Task prompt: Could you retype the whole listing word for word and drop the images?

Material provided:
= Beginning of Section =
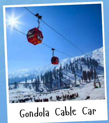
Gondola Cable Car
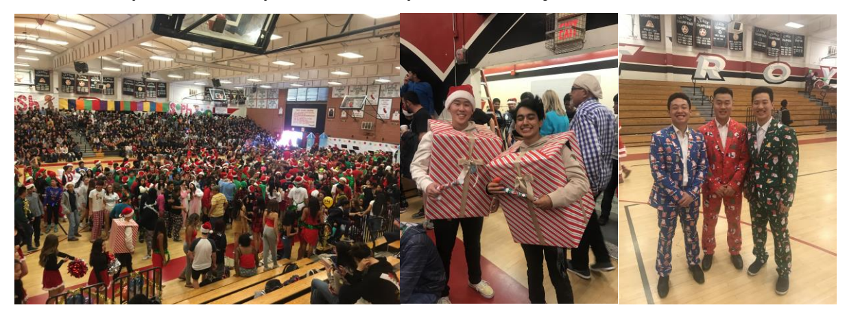
Some pictures of the students getting ready for the Elf Dance and examples senior costumes.

Last Friday we held the always memorable senior Elf Dance! This annual celebration of the holiday season was a good time for both the Elf Dance participants and spectators. Additionally, ASB did a wonderful job with keeping the rally moving and showcasing a number of different student groups ranging from NJROTC drill, Cheer, Band, and Color Guard. It was a memorable rally and one of my favorite at Troy so far! Great job Warriors!
= End of Section =
Response area:
Gondola Cable Car
Some pictures of the students getting ready for the Elf Dance and examples senior costumes.

Last Friday we held the always memorable senior Elf Dance! This annual celebration of the holiday season was a good time for both the Elf Dance participants and spectators. Additionally, ASB did a wonderful job with keeping the rally moving and showcasing a number of different student groups ranging from NJROTC drill, Cheer, Band, and Color Guard. It was a memorable rally and one of my favorite at Troy so far! Great job Warriors!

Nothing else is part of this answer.